What is the difference between myotonic dystrophy type 1 and type 2?

Myotonic dystrophy type 1 is caused by mutations in the DMPK gene, while type 2 results from mutations in the CNBP gene. The protein produced from the DMPK gene likely plays a role in communication within cells.

What is the phenotype of myotonic dystrophy?

It is characterized by a distinctive combination of muscular symptoms, such as facial weakness, ptosis, grip myotonia, and distal muscle weakness with muscular atrophy. The classic phenotype is typically accompanied by extramuscular symptoms like cognitive impairment, cataracts, and diabetes mellitus.

Can you carry myotonic dystrophy?

The disease can be passed on and inherited equally by both sexes. Congenital Myotonic Dystrophy, the most severe form of the disease is almost exclusively passed on by maternal transmission.

How do you treat myotonic dystrophy?

There is currently no cure or specific treatment for myotonic dystrophy. Treatment is aimed at managing symptoms of the disease. Routine physical activity appears to help maintain muscle strength and endurance and to control musculoskeletal pain.

What triggers myotonic dystrophy?

Myotonic dystrophy is caused by mutations (changes) in the DMPK gene or the CNBP (ZNF9) gene depending on the specific type of myotonic dystrophy. The disease is inherited in an autosomal dominant manner.

Who is more likely to get myotonic dystrophy?

DM is the most common muscular dystrophy among adults of European ancestry. The prevalence of DM is about 10 cases per 100,000 individuals. Among nonwhite populations, DM1 is uncommon or rare.

How is myotonic dystrophy type 1 ( MD1 ) inherited?

MD1 is inherited in an autosomal dominant pattern, which means one copy of the mutated gene in each cell is sufficient to cause the disorder.

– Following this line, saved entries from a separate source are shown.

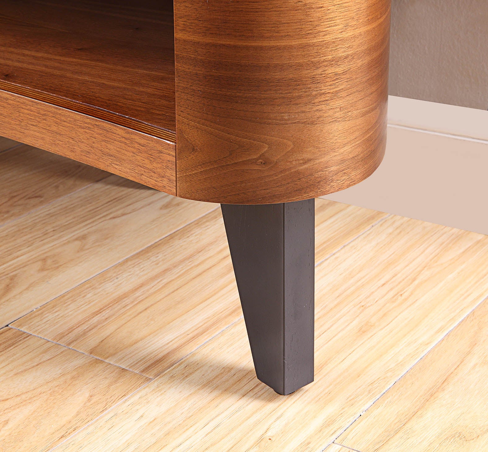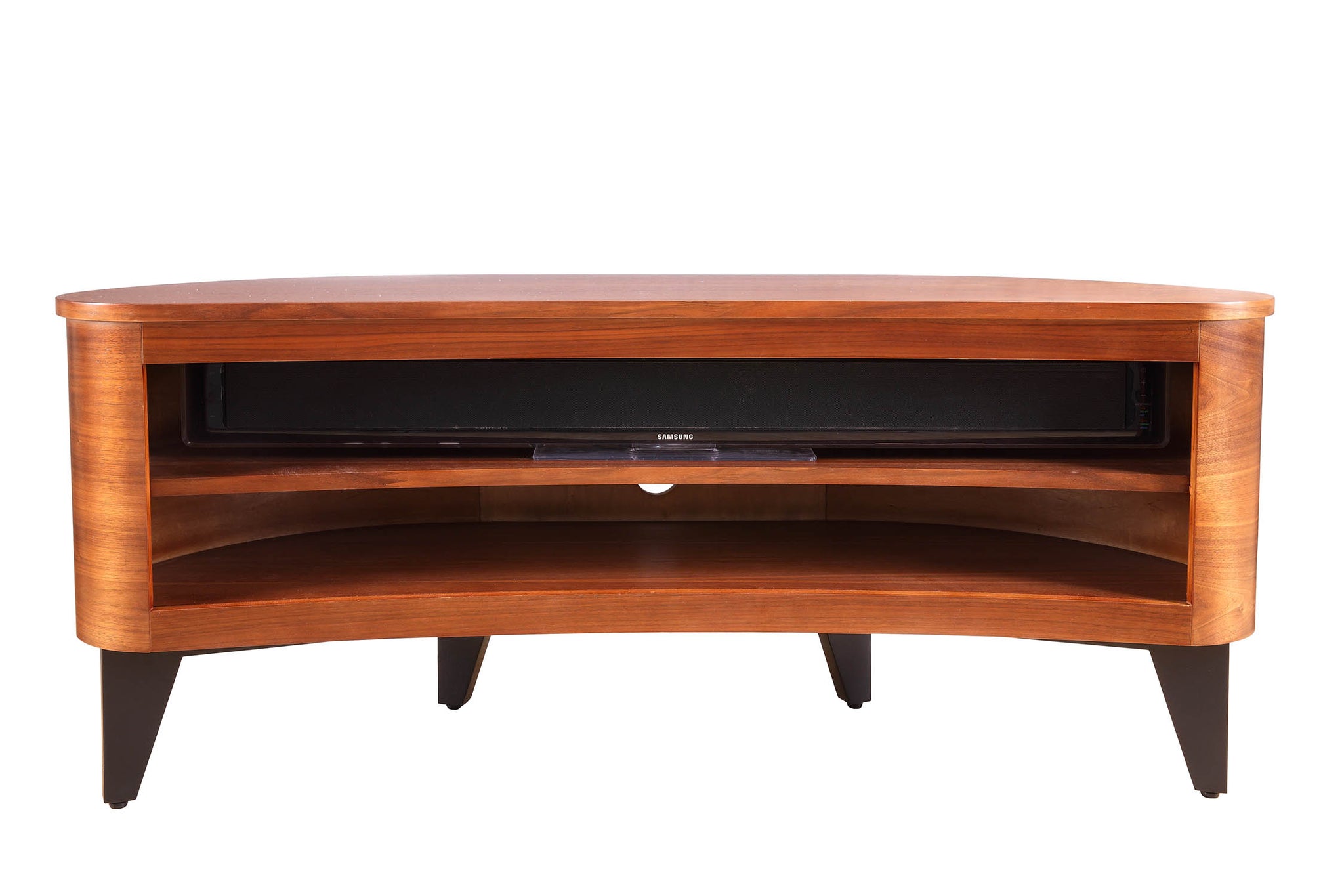 The JF709 Curve TV Stand is a beautiful addition to the San Francisco Collection. With a sweeping curve design, this elegant piece of furniture will look stunning in any room in the house. The shape of this stand makes it ideal for use in corners, and it has ample room on the two shelves for all your AV equipment. The fully enclosed back ensures a neat and tidy appearance and features cable management on both levels. The contrasting black legs have height adjustable feet to compensate for any uneven floors.
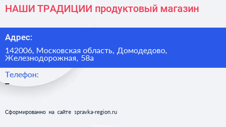 НАШИ ТРАДИЦИИ, продуктовый магазин по адресу 142006, Московская область, Домодедово, Железнодорожная, 58а в дальнейшем Организация, размещена в следующих категориях:
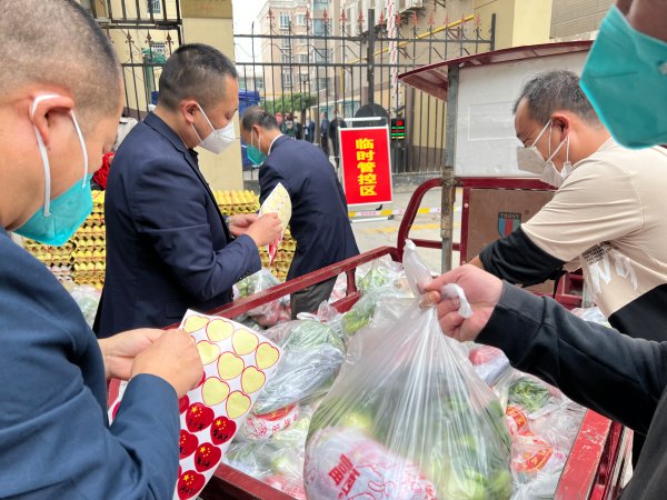 小区内职工和家属无法外出采购食物,12日,长安区分公司迅速部署,工会主席跟领导班子带领职工为邮政新村里每一户职工和退休职工家庭采买鸡蛋、肉、蔬菜等物资,送到家属院门口,解决家属院居民当下的生活问题。
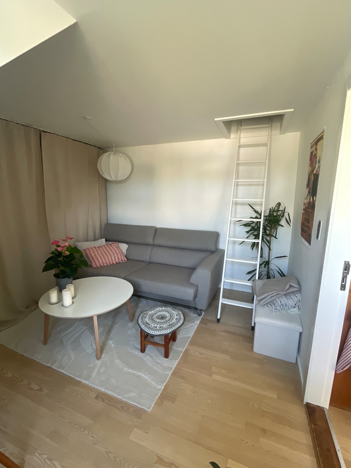 2 værelses charmerende og meget hyggelig lejlighed på 4.sal i hjertet af Aarhus, midt i øgaderne med den smukkeste udsigt over hele Aarhus. Butikker, caféer, Botanisk have, skov og strand i en radius af 500m. I lejligheden er der et hyggeligt køkkenalrum og en kombineret stue/soveværelse. Sengen er 140cm bred. Privat værelse på 5.sal uden adgang. Der er TV og wifi. Lejligheden passer perfekt til parret eller en single der vil opleve Aarhus indenfor gåafstand.
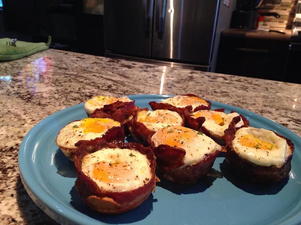 Breakfast for dinner. Bacon and egg cups. Haven't made them in ages.
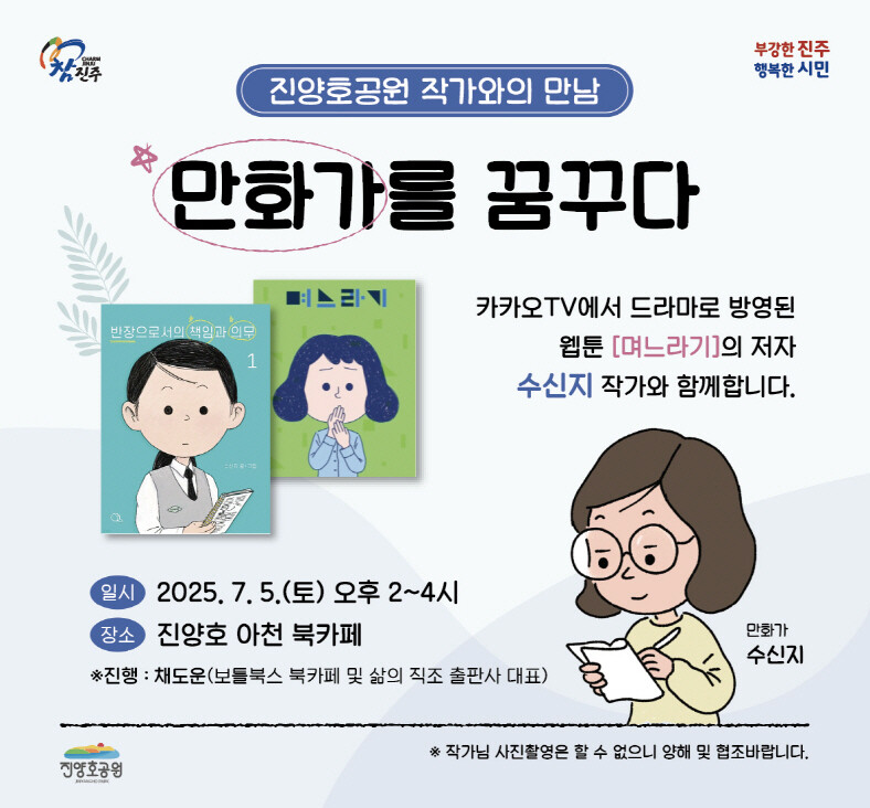 경남 진주시는 7월 5일 오후 2시 진양호공원에 위치한 '아천 북카페'에서 청소년과 성인을 위한 작가와의 만남을 개최한다고 19일 밝혔다.
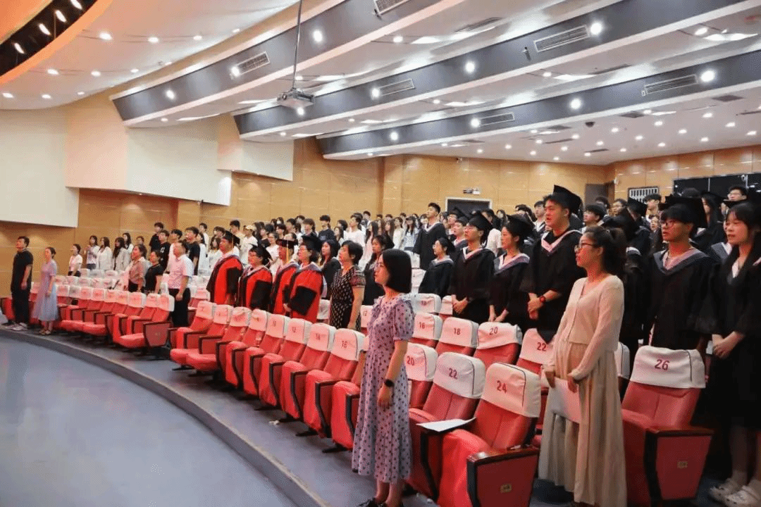 授予学位后,教师代表杨扬代表学院全体教师,向毕业生致以诚挚的祝贺和祝福,并提出三个“保持”寄语毕业生:一要保持好奇,永远对知识、对未知充满渴望;二要保持坚韧,面对困难不退缩,面对挑战勇往直前;三要保持温度,热爱生活,关心他人。
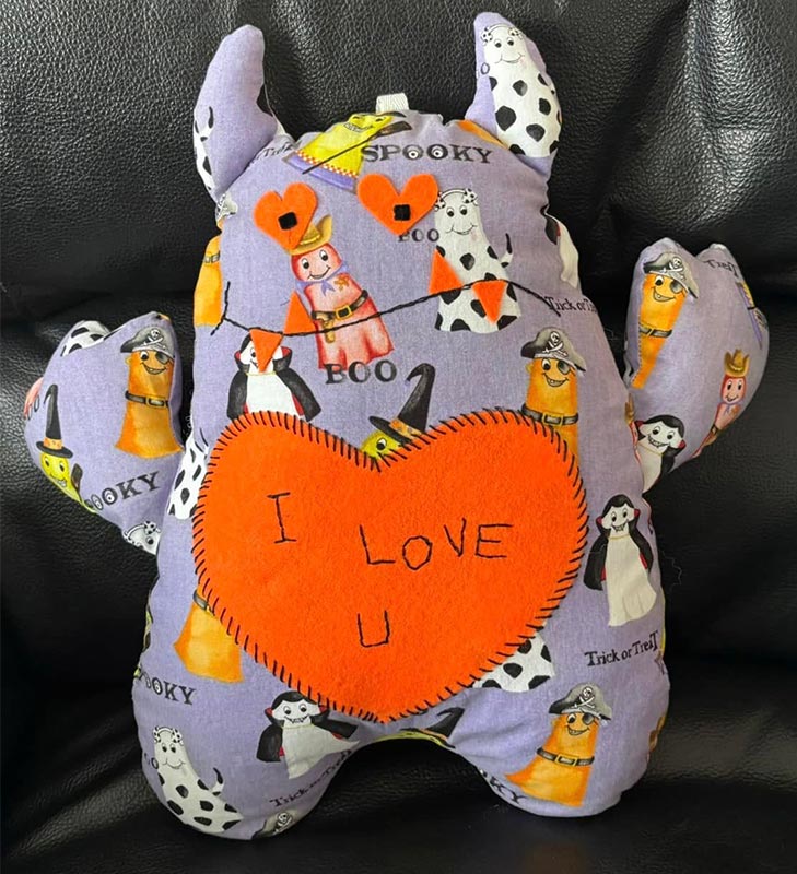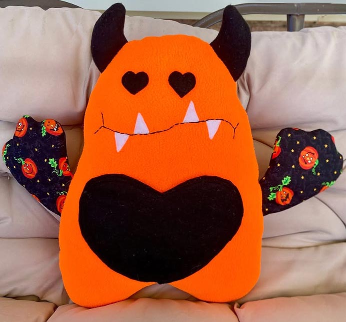 Paula Blevins made this Love Monster into a Halloween hit with orange fleece and patterned accent fabric on the arms.

In most cases, the person with MD1 has a parent who also has the disorder. The children of a person with MD1 have a 50% chance of inheriting the disorder.

When do signs and symptoms of myotonic dystrophy begin?

Listen Signs and symptoms of myotonic dystrophy often begin in a person’s 20s or 30s but can begin at any age. Myotonic dystrophy is caused by mutations (changes) in either the DMPK gene (in type 1) or the CNBP (ZNF9) gene (in type 2). Myotonic dystrophy (DM) is inherited in an autosomal dominant pattern.

What is the prognosis for myotonic dystrophy type 2?

Definitive information about prognosis in people with myotonic dystrophy type 2 is limited, but the condition generally runs a milder course. People with myotonic dystrophy type 2 may have a normal lifespan. While mobility may be impaired at an early age, the ability to walk is often retained until around 60-years-old.

How are myotonic dystrophy and cataract related?

Both disorders have autosomal dominant inheritance and multisystem features, including myotonic myopathy, cataract, and cardiac conduction disease. Studies suggest that the shared clinical features of DM1 and DM2 involve a novel genetic mechanism in which repetitive RNA exerts a toxic effect.